Mickey Guyton Reflects on Wanting to Fit in the Country Music Industry: ‘I Wish I Had Lighter Skin and Blue Eyes’
Mickey Guyton gets real about self-love.
On Thursday, the 38-year-old country singer shared a photo from the early days of her career along with a photo of her now. In the more recent photo, she is visibly glowing and she used the caption to talk about her struggle to love herself, especially in an industry dominated by white artists.
“The girl I was then wanted so badly to be liked,” she wrote. “I wanted so badly to be included and to fit in. There were times when I wished I had lighter skin and blue eyes. But the woman I am now loves everything that makes me different. The woman I am now, loves my bobbins and my lace wigs and my dark brown skin. The woman I am now doesn’t want to fit in. I want to fit in. #Different”

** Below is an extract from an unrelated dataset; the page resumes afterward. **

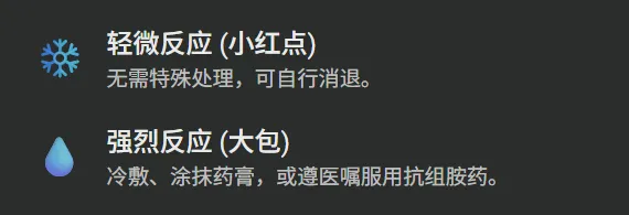 :免疫系统对蚊子唾液过度反应,产生大量组胺,导致 巨大、瘙痒难耐 的包。 - 脱敏效应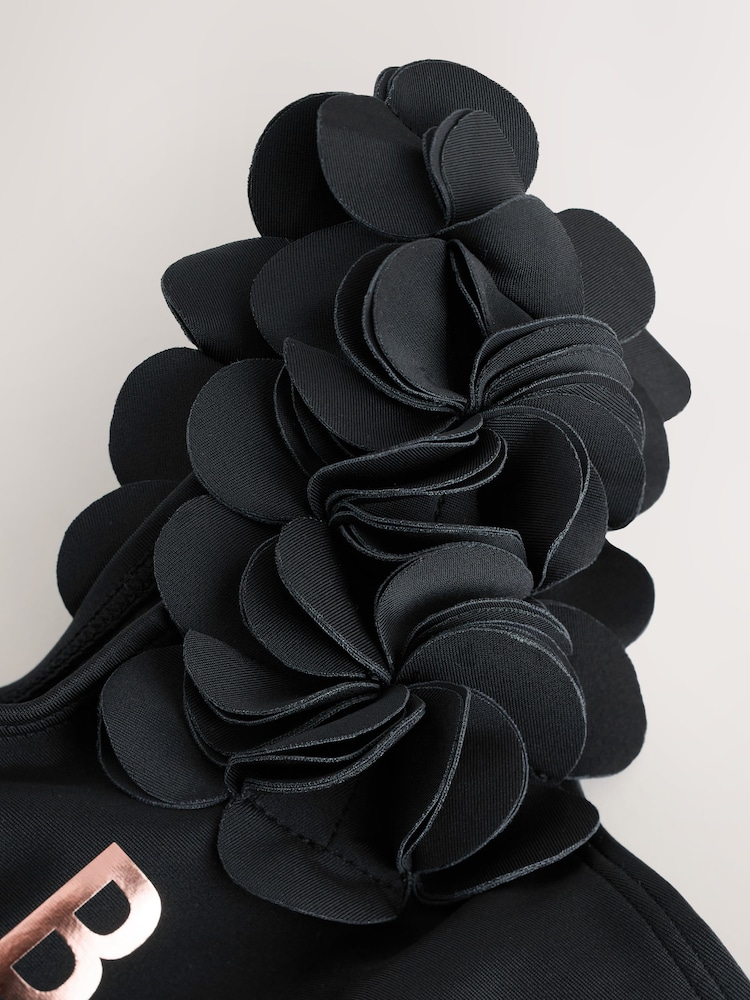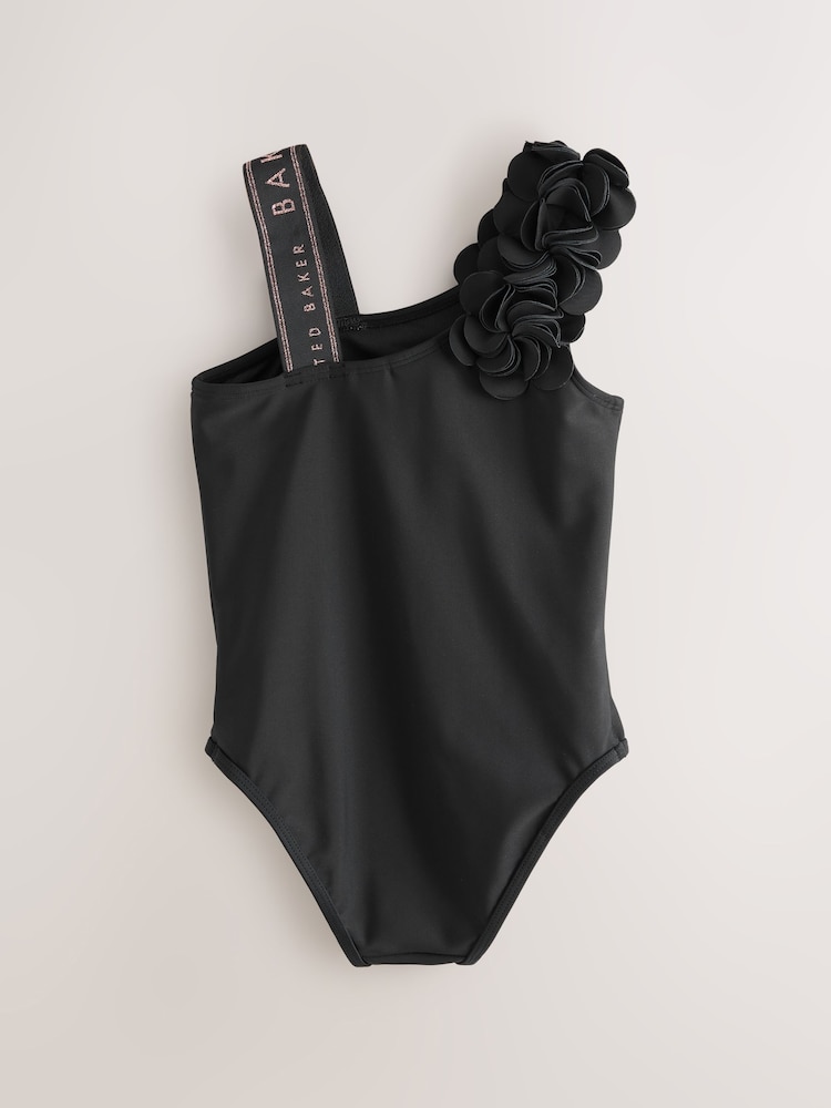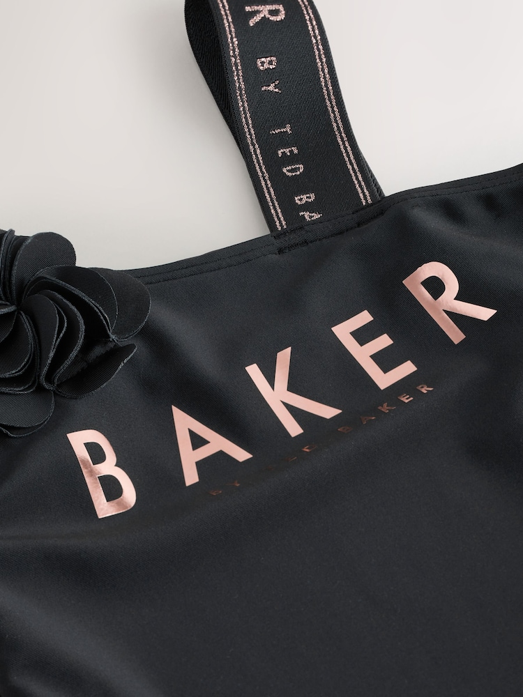 Get her ready for the heat with this pretty 3D floral swimsuit from Baker by Ted Baker. This gorgeous holiday staple comes in black, featuring a 3D flower strap on one side, complimented by our Baker rbanded lurex strap on the other. Finishing details include our iconic Baker branded in gold foil across the chest. Pair with our kaftan and sandals to get her ready for the sun!

Celebrity friends and fans took to the comments to praise the star for her transparency.
“YES,” LeAnn Rimes said.
“Damn sister, and we’re here for it!!!!!” singer Yola added.
“There is no more powerful medicine than loving exactly who you are – it is healing for you and for the whole world!” wrote a fan.
“And this girl is more than happy that you’ve finally embraced all that you are. That chocolate gooooddnesssss sister!” someone noticed.
“Thanks for always inspiring ME!” one commenter continued.
This isn’t the first time Guyton has opened up about her journey as a black artist in country music. After the release of her single “Black Like Me”, inspired by the murder of George Floyd, she described her early attempts to get her career off the ground “very frustrating” in an interview with WWD.
“I’ve often thought, maybe this isn’t for me. I doubted myself and my talent. I’d see guys pop up like weeds and have multiple number one and full careers, and I couldn’t even get a label to record my songs,” she recalled.
She also spoke about the expectations that many black and brown artists in the music industry face.
“My goal is to have a career like Carrie Underwood,” Guyton said, “and sell out arenas, write a book, have a fashion line — and open the doors to other women of color. That’s how often artists become pigeonholed: if you’re black you should sing R&B, if you’re Latina you should do salsa and pop, but everyone should just have their own dreams.”